#### Records shown

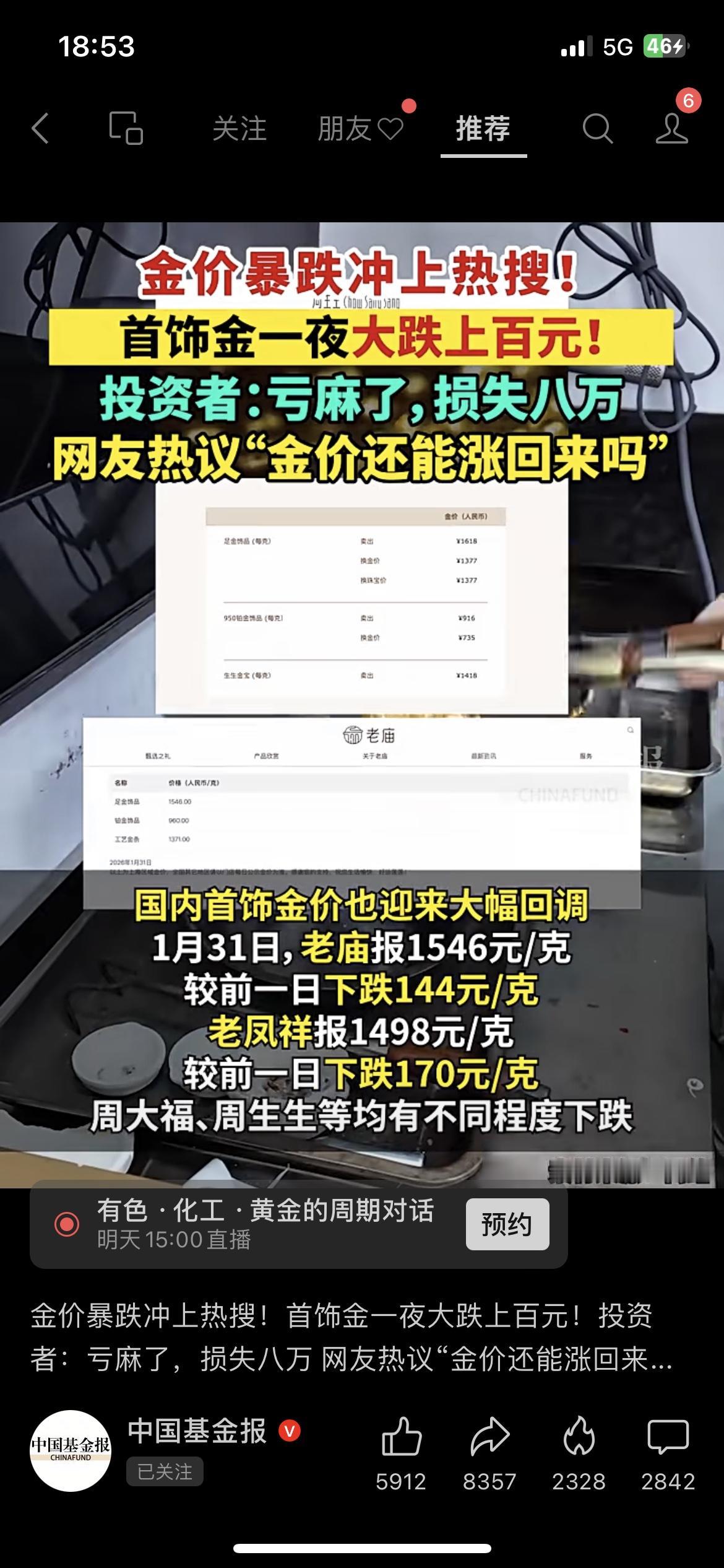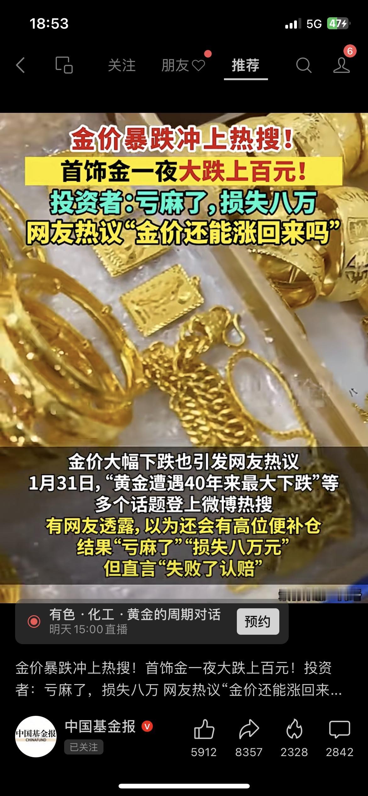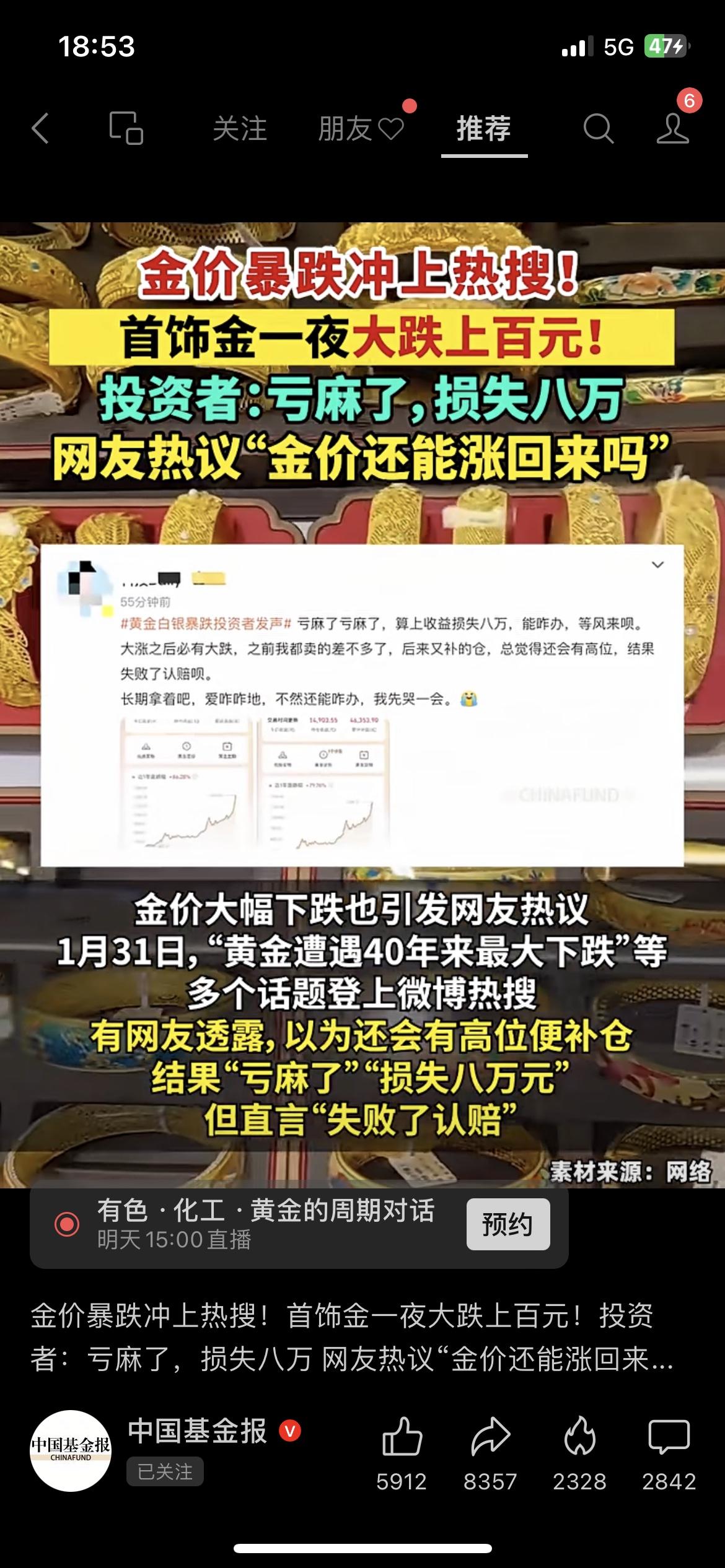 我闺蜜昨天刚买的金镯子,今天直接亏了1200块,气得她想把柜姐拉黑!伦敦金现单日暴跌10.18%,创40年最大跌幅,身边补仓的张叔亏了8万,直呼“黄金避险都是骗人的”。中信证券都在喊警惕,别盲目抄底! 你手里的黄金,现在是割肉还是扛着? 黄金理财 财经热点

########
#### Records shown

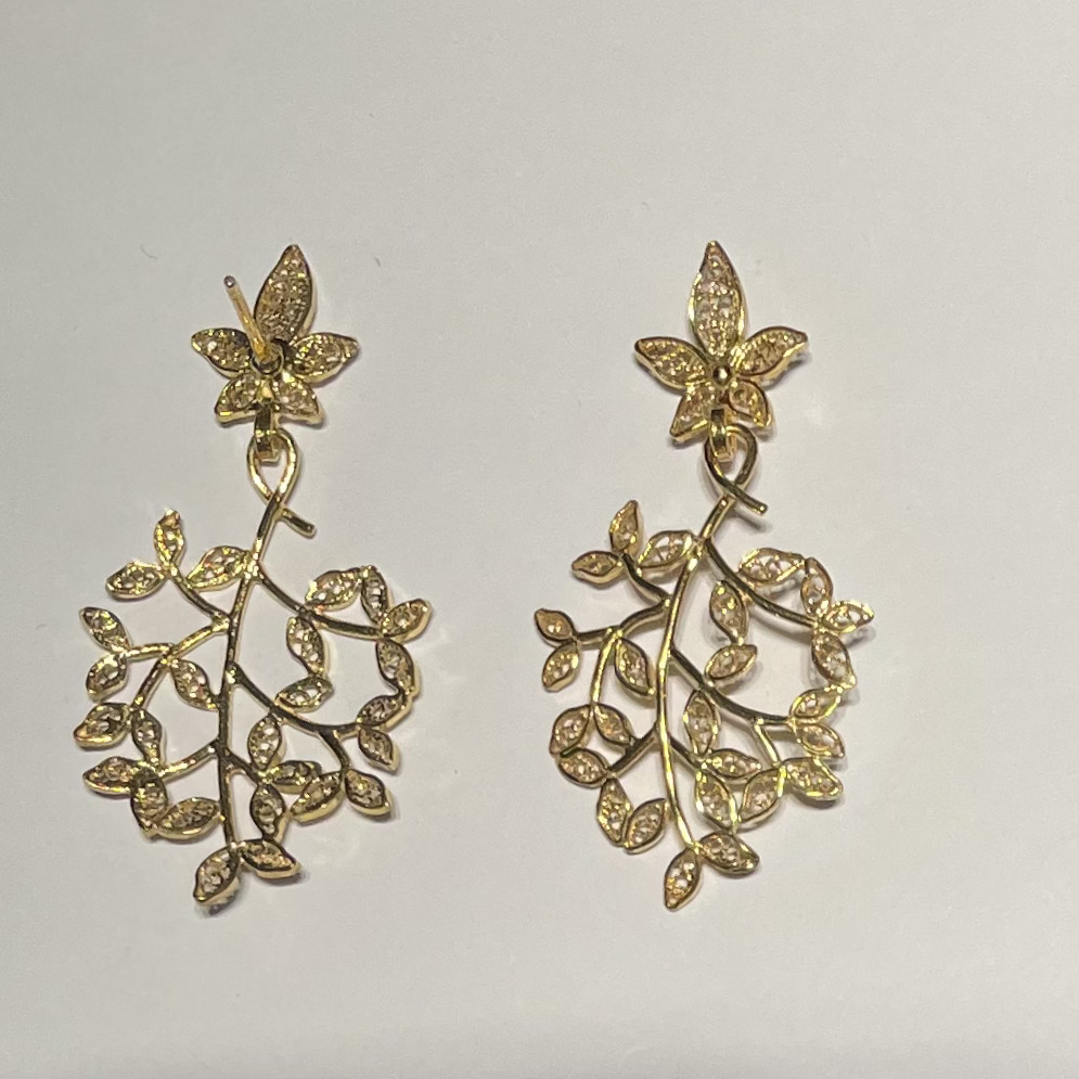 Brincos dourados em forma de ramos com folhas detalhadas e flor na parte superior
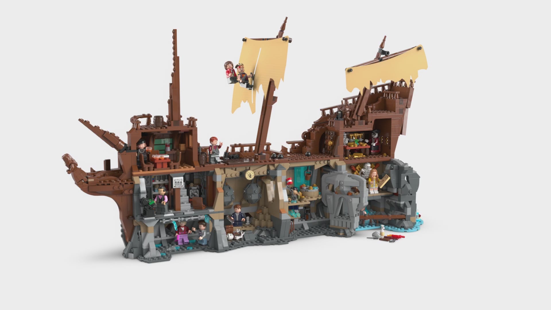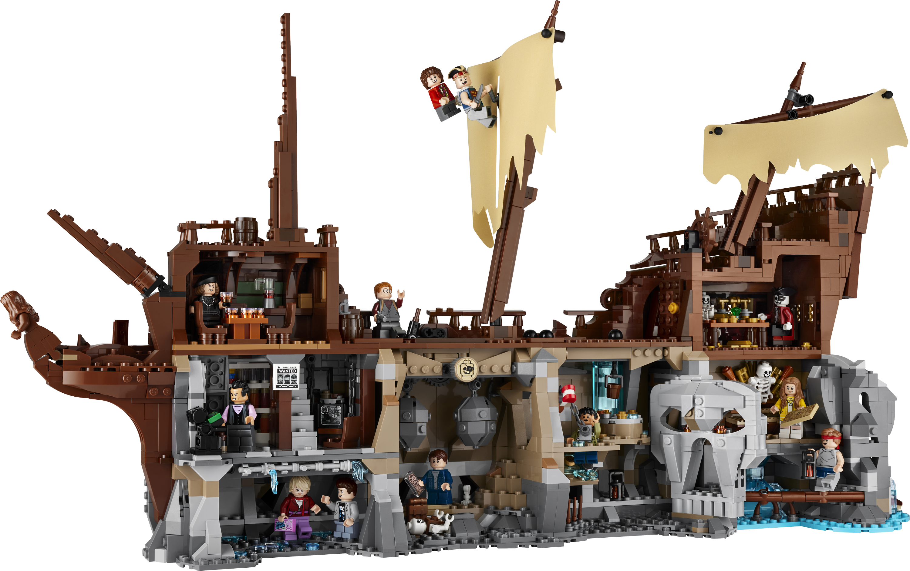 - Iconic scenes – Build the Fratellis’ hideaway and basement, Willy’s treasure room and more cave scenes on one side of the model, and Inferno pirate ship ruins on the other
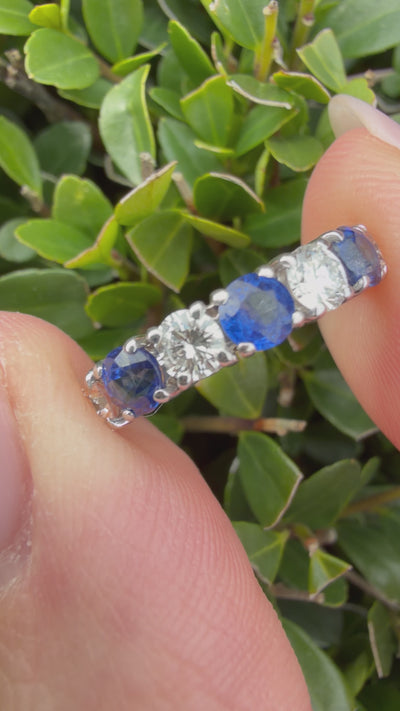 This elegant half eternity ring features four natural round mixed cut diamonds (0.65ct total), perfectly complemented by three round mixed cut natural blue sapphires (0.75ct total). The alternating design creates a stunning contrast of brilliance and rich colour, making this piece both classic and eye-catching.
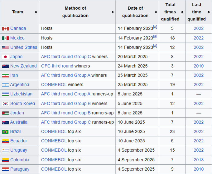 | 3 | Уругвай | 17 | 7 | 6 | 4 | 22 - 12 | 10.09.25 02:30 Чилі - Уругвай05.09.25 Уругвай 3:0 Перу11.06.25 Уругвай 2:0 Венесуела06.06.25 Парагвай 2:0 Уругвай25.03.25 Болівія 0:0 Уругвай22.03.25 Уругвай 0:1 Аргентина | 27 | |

########

▶ Work item: Going by the data above, the answer is exactly the lines from the one holding "Brincos dourados em" to the one holding "Аргентина | 27 | |", both kept, with the pictures left out.

▶ Problem solution:
 Brincos dourados em forma de ramos com folhas detalhadas e flor na parte superior
 - Iconic scenes – Build the Fratellis’ hideaway and basement, Willy’s treasure room and more cave scenes on one side of the model, and Inferno pirate ship ruins on the other
 This elegant half eternity ring features four natural round mixed cut diamonds (0.65ct total), perfectly complemented by three round mixed cut natural blue sapphires (0.75ct total). The alternating design creates a stunning contrast of brilliance and rich colour, making this piece both classic and eye-catching.
 | 3 | Уругвай | 17 | 7 | 6 | 4 | 22 - 12 | 10.09.25 02:30 Чилі - Уругвай05.09.25 Уругвай 3:0 Перу11.06.25 Уругвай 2:0 Венесуела06.06.25 Парагвай 2:0 Уругвай25.03.25 Болівія 0:0 Уругвай22.03.25 Уругвай 0:1 Аргентина | 27 | |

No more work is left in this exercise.